父は、よく間違える人だった。
いや、そう思っていた。
遠足の日、弁当を持たせるのを忘れた。
中学の入学式の日には、学校名を間違えて、隣町の中学校へ行った。
高校の卒業式の日には、式が終わってから花束を持って現れ、
「少し早く着きすぎたな」
と言った。
早いどころか、もう誰もいなかった。
校門の前で、私は花束を受け取らなかった。
父は困ったように笑い、
「すまん。
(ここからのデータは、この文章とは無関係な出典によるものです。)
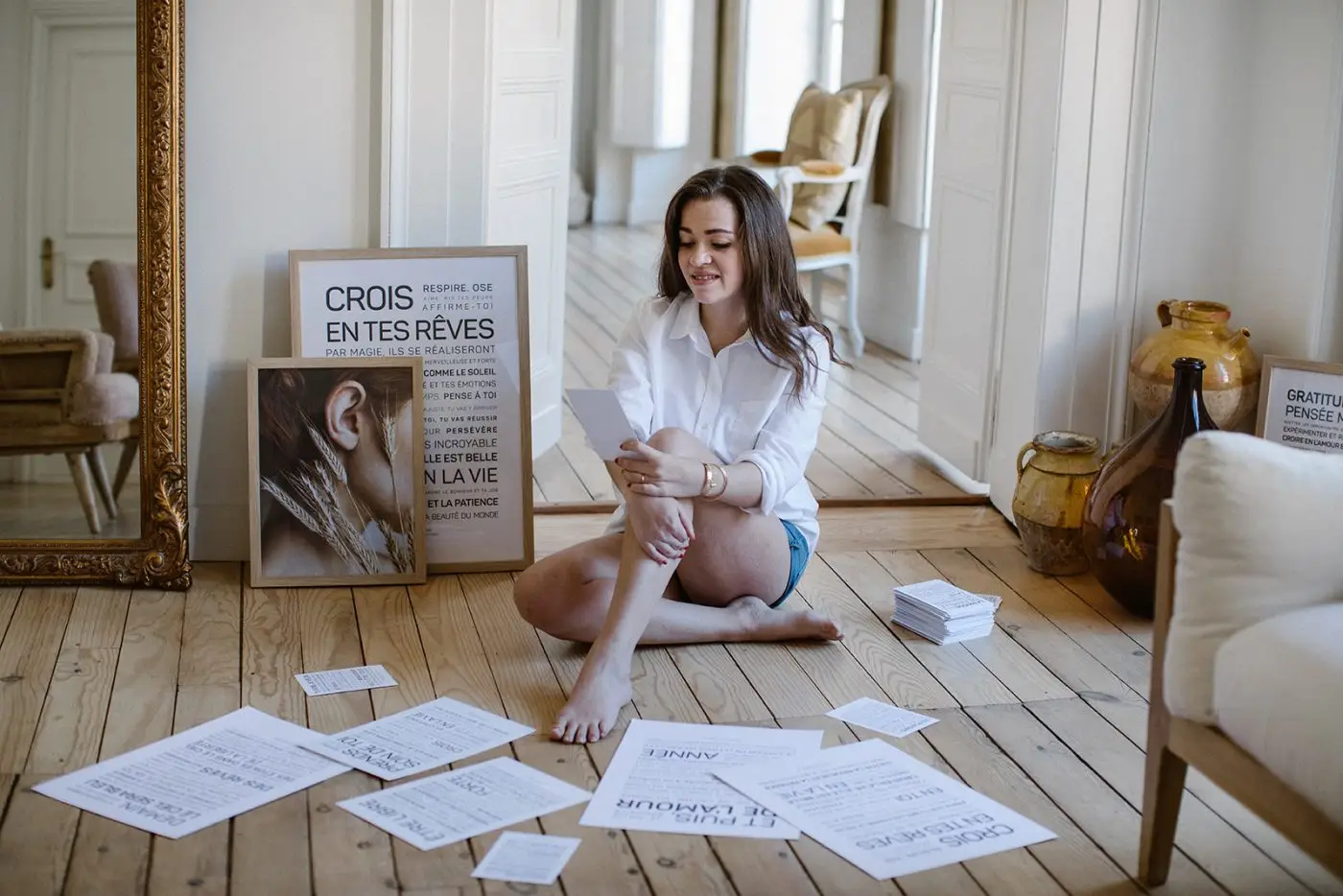 Deux ans plus tard, j’ai su que je voulais vendre mes affiches : qu’écrire, les mettre en forme et me dire que mes mots prendront vie et accompagneront d’autres personnes et les rendront peut-être aussi un peu heureuses : c’est ça, qui par ricochet, me rend vraiment heureuse.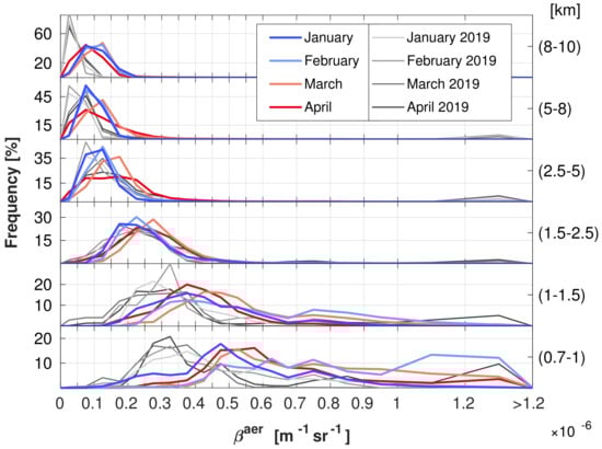 To present an overview, frequency polygons of the measured backscatter coefficients at 532 nm (for brevity) for different months and heights are plotted in Figure 2. The altitude ranges were chosen in such a way that they represent the atmosphere as best as is possible, meaning that there are only small changes within each range. The histogram classes become wider for larger values and are represented by the grid. For better comparison, previously published values for January–March 2019 are also shown in grey [29]. In the lowest troposphere up to m, there were much higher backscatter values in 2020 than in 2019. The mechanical boundary layer (MBL) is usually located at this altitude, which is described in more detail in Section 4.2. In the undisturbed troposphere, the values are very similar in both years, with slightly increased values in 2020 in the highest troposphere above km. This is caused by a higher aerosol concentration in the stratosphere due to wildfire smoke [6].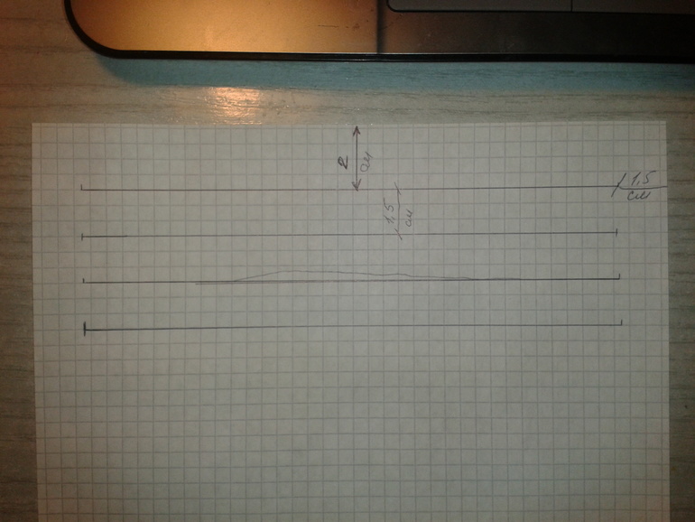 -Делаем разметку на ткани. По длинной стороне отступаем два сантиметра и проводим линию,не доходя до краев 1,5 см.. От нее вниз проводим еще три линий,на расстоянии 1,5 см друг от друга.(показываю на листе бумаги(мелкий прыгает на мне)![]()

記憶違いだった」
と言った。
私は、その言葉が嫌いだった。
記憶違い。
便利な言葉だと思った。
忘れたのではない。
間違えただけだ。
そう言えば、少しだけ罪が軽くなる。
子どもの私は、父に何度も置いていかれたような気がしていた。
だから駅員になったのかもしれない。
時刻表は嘘をつかない。
切符には行き先がある。
落とし物には番号がつけられ、持ち主を待つ場所がある。
駅には、父のような曖昧さがなかった。
少なくとも私は、そう信じたかった。
私の勤める駅のすぐ先に、小さな踏切がある。
古い商店街の端にあり、朝は学生の自転車が鳴り、夕方は買い物袋を提げた老人たちがゆっくり渡る。
父は晩年、その踏切をよく渡っていたらしい。
らしい、というのは、私はその頃、父とほとんど会っていなかったからだ。
母が亡くなってから、父は一人で古い家に残った。
私は何度か同居を勧めた。
父はそのたびに、
「駅の音が聞こえる場所がいい」
と言った。
私はそれを、ただの頑固だと思っていた。
踏切の警報音。
夜更けの電車。
遠くで鳴る発車ベル。
そんなものを聞いて何になるのかと、内心では呆れていた。
父からの電話は、いつも短かった。
「今度、飯でも食うか」
「今忙しい」
「そうか」
それだけだった。
父は私を責めなかった。
責められないことが、人をいちばん惨めにすることを、私はその頃まだ知らなかった。
ある冬の朝、父はその踏切の近くで倒れた。
遮断機が降りる少し前だったという。
近くの豆腐屋の主人が見つけ、救急車を呼んでくれた。
命に別状はなかった。
ただ、それから父の記憶は少しずつほどけていった。
病室の父は、私を見るなり言った。
「駅員さん、すみません」
私は息を飲んだ。
「俺だよ。健司だよ」
父はしばらく私の顔を見つめていた。
それから、いつものように困った顔で笑った。
「そうか。すまん。記憶違いだった」
胸の奥に、古い怒りが戻ってきた。
またそれか、と思った。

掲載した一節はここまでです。